═══ Provided information ═══

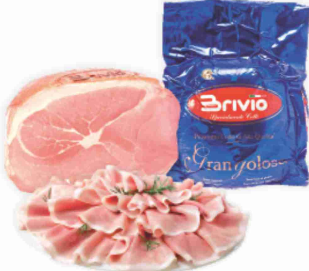
Prosciutto Cotto Grangoloso Brivio al kg € 13,90 € 1,39 all'etto
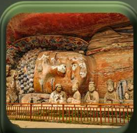
“ พาหินแกะสลักต้าจู้ ”

T2G-CKG26CZ Special of Chongqing...จงซิง ต้าจู้ อุ้หลง อุทยานหลุมฟ้า เขานางฟ้า 5D 3N (CZ)
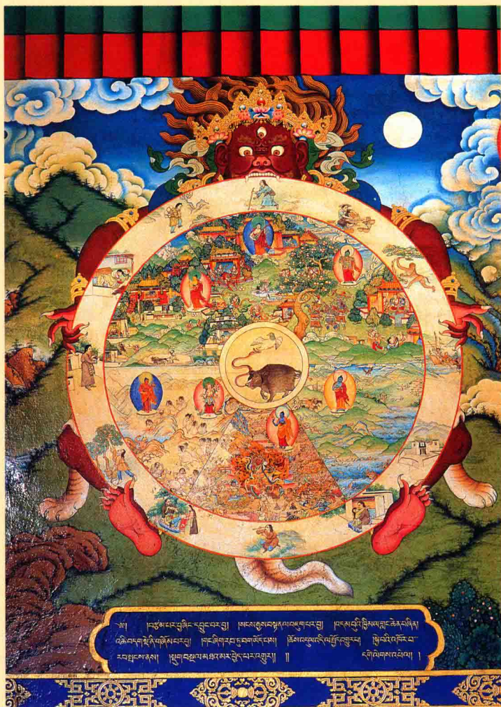
图一五 《生死流转图》壁画

藏族人民也为观音菩萨确立了新的道场，它就是坐落在西藏自治区首府拉萨市中心、古城西北红山上的布达拉宫，是世界上海拔最高的古代宫殿。它始建于公元7世纪时，是吐蕃赞普松赞干布为迎娶文成公主而始建，距今有1300多年的历史。现有建筑群为17世纪中叶五世达赖喇嘛受清朝册封后重新
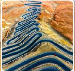
ถนนผานหลงกู่ต้าว
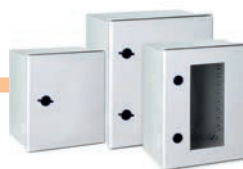
Armarios en poliéster
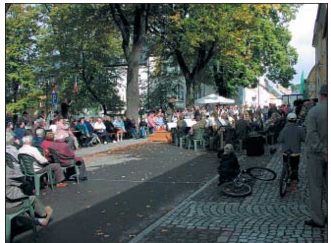
Freundschaft über Grenzen hinweg
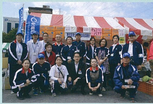
区長と一緒に青指ブース前で

平成26年10月18日(土)、「2014ふるさと港北ふれあいまつり」が横浜F・マリノス公式チアリーディングチーム「トリコロールマーメイド」による華やかなオープニングで、新横浜駅前公園野球場にて開催されました。会場では区内の自治会町内会・行政・各種団体が80を超えるブースを出店。いずれも自慢の料理・お菓子・飲み物を用意し賑わいを見せていました。
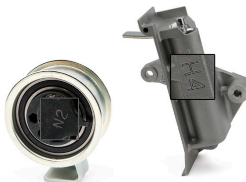
Снимка 2: Обтяжна ролка 531 0436 20 с вибрационен демпфер 533 0035 10
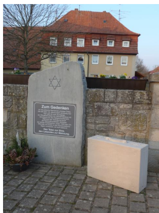
Ebelsbach, Standort der ehem. Synagoge am Judenhof, kommunales Mahnmal für die jüdische Gemeinde, daneben Kofferdenkmal von DenkOrt Deportationen (Aufnahme 2019).
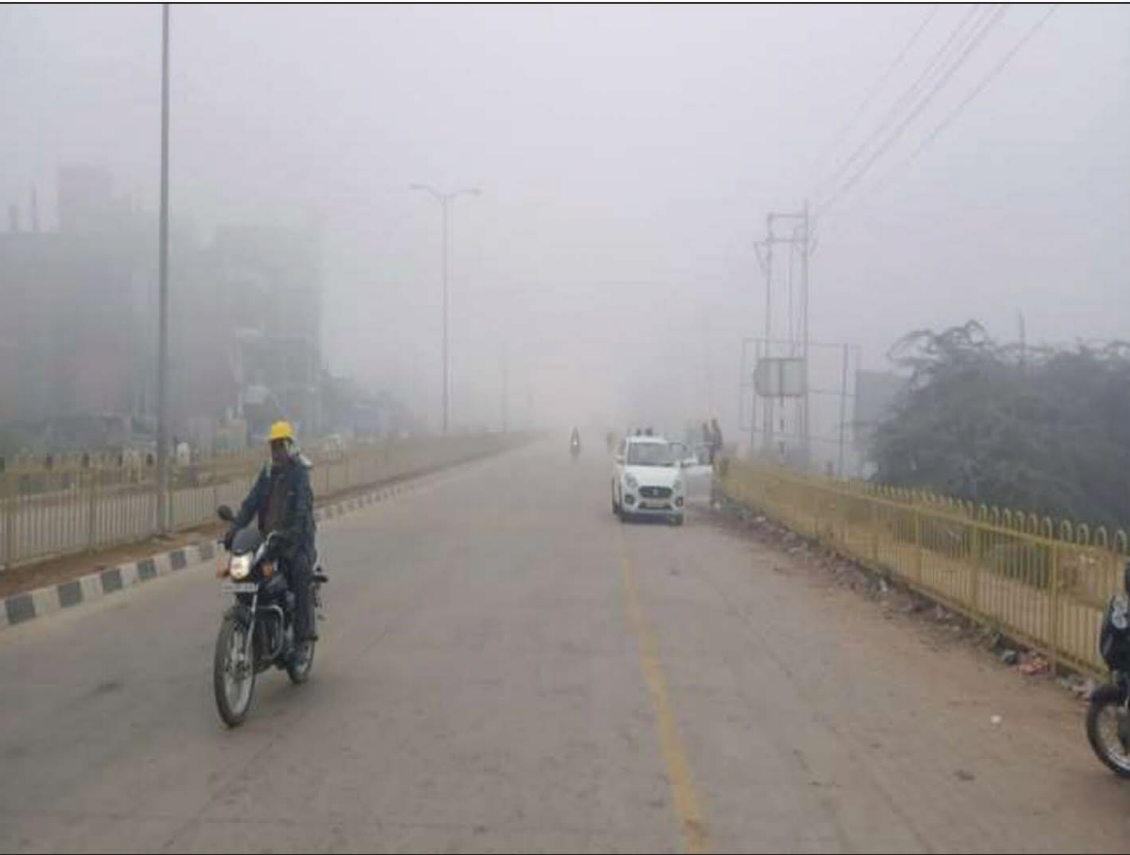
छाया रहा। दोपहर में भी सूर्य की किरणें धूमिल ही रहीं।

हल्का कोहरा तो दिसंबर माह की शुरुआत से ही नजर आने लगा था। हालांकि पिछले दो दिनों से प्रयागराज के साथ ही प्रतापगढ़ और कौशांबी में भी घना कोहरा छाने लगा है। गुरुवार की रात और शुक्रवार की सुबह भी कोहरा देर तक वातावरण में
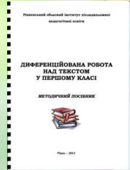
Співавтор методичного посібника «Диференційована робота над текстом у першому класі»
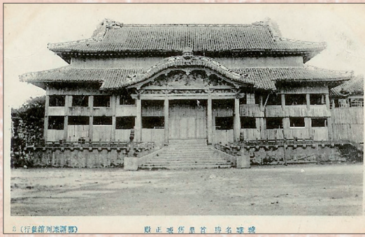
(左) 戦前の首里城と (右) 修復中の首里城大屋根 (撮影2025年5月9日)

首里城は、琉球王朝文化の象徴的な存在として沖縄観光の目玉ですが、実は、きわめて重要な戦争遺跡でもあります。今秋の再建公開に向け、戦争遺跡としての首里城に焦点を当てます。
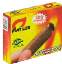
400 ACENDEDOR FIAT LUX BASTAO C/5 CX/60 7896007930937
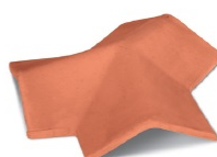
Trevie Three-Way Tile Codice/code TRS---
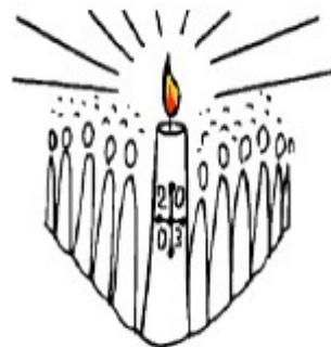
Dimanche de Pâques : la Résurrection
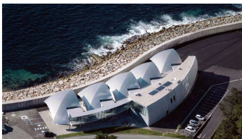
O percorrido en barco partirá do peirao da Laxe ata chegar á Ecimat, en Toralla.
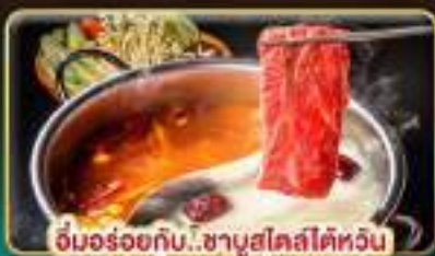
จิ้มอร่อยกับ..ชาบูสโกลด์ไต้หวัน เมนูที่ไม่ใช่แค่อร่อยดี แต่ยังสุขภาพดี
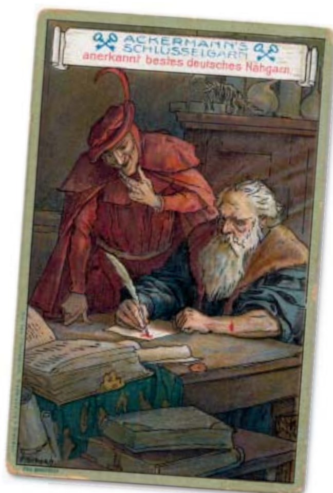
„Blut – ein besonderer Saft“: populäres Zitat aus Goethes „Faust“, - hier als Motiv eines Sammelbildes aus den 20er Jahren.

Dieser fakultätsübergreifende Charakter ist Ausdruck der vitalen Partnerschaft der Universitäten Prag und Düsseldorf. Die nächste Partnerschaftstagung soll in zwei Jahren turnusgemäß wieder in Düsseldorf stattfinden. Ein Sammelband, der die Beiträge der Konferenz vereint, wird von den Prager Organisatoren vorbereitet.
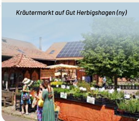
Kräutermarkt auf Gut Herbigshagen (ny)
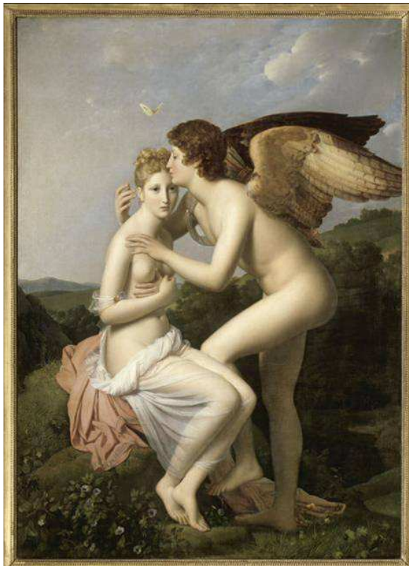
Gérard, « Psyché et l'Amour », Musée du Louvre.
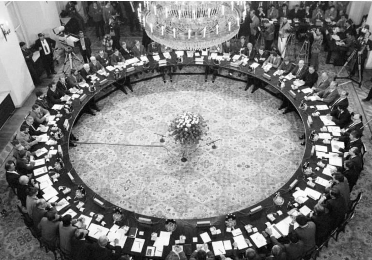
Slika 8 Okrugli stol 1989.
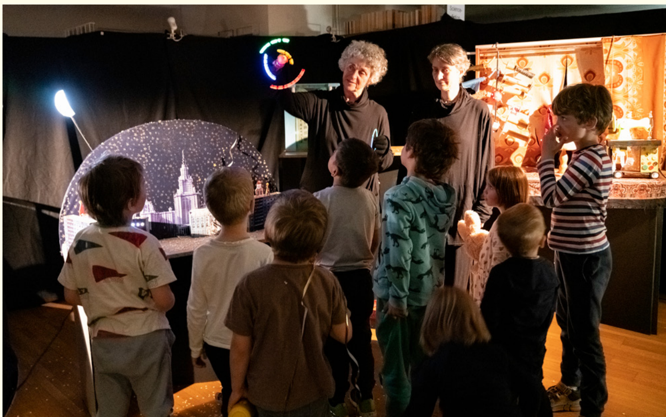
👉 On a décroché la lune avec les marionnettes la Turlutaine lors du BiblioWeekend 2022

Après deux ans d'interruption, le week-end des bibliothèques, organisé désormais dans tout le pays sous le nom de BiblioWeekend, s'est tenu en mars sur le thème «Décrocher la lune». Une palette d'événements (goûter pour les enfants, visites, présentation de livres rares, conférence, bricolage céleste, café-concert) a permis à un public de tous âges d'expérimenter la Bibliothèque et de découvrir le bâtiment et ses précieuses collections dans une atmosphère diaphane.
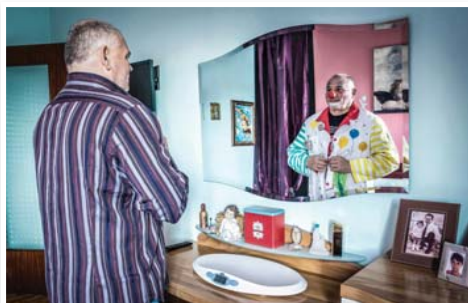
N°17 : «The volunteer inside you» de Alfano MASSIMO - Format 40x60 sur Dibond
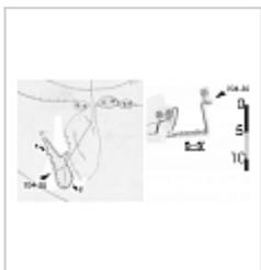
План и разрез Съемка Верченко А.

═══

■ Exercise objective
Give back, exactly as written, the lines from the top of the material above to the line containing "Снимка 2: Обтяжна", both included; skip every picture.

■ Output for this task
Prosciutto Cotto Grangoloso Brivio al kg € 13,90 € 1,39 all'etto
“ พาหินแกะสลักต้าจู้ ”

T2G-CKG26CZ Special of Chongqing...จงซิง ต้าจู้ อุ้หลง อุทยานหลุมฟ้า เขานางฟ้า 5D 3N (CZ)
图一五 《生死流转图》壁画

藏族人民也为观音菩萨确立了新的道场，它就是坐落在西藏自治区首府拉萨市中心、古城西北红山上的布达拉宫，是世界上海拔最高的古代宫殿。它始建于公元7世纪时，是吐蕃赞普松赞干布为迎娶文成公主而始建，距今有1300多年的历史。现有建筑群为17世纪中叶五世达赖喇嘛受清朝册封后重新
ถนนผานหลงกู่ต้าว
Armarios en poliéster
Freundschaft über Grenzen hinweg
区長と一緒に青指ブース前で

平成26年10月18日(土)、「2014ふるさと港北ふれあいまつり」が横浜F・マリノス公式チアリーディングチーム「トリコロールマーメイド」による華やかなオープニングで、新横浜駅前公園野球場にて開催されました。会場では区内の自治会町内会・行政・各種団体が80を超えるブースを出店。いずれも自慢の料理・お菓子・飲み物を用意し賑わいを見せていました。
Снимка 2: Обтяжна ролка 531 0436 20 с вибрационен демпфер 533 0035 10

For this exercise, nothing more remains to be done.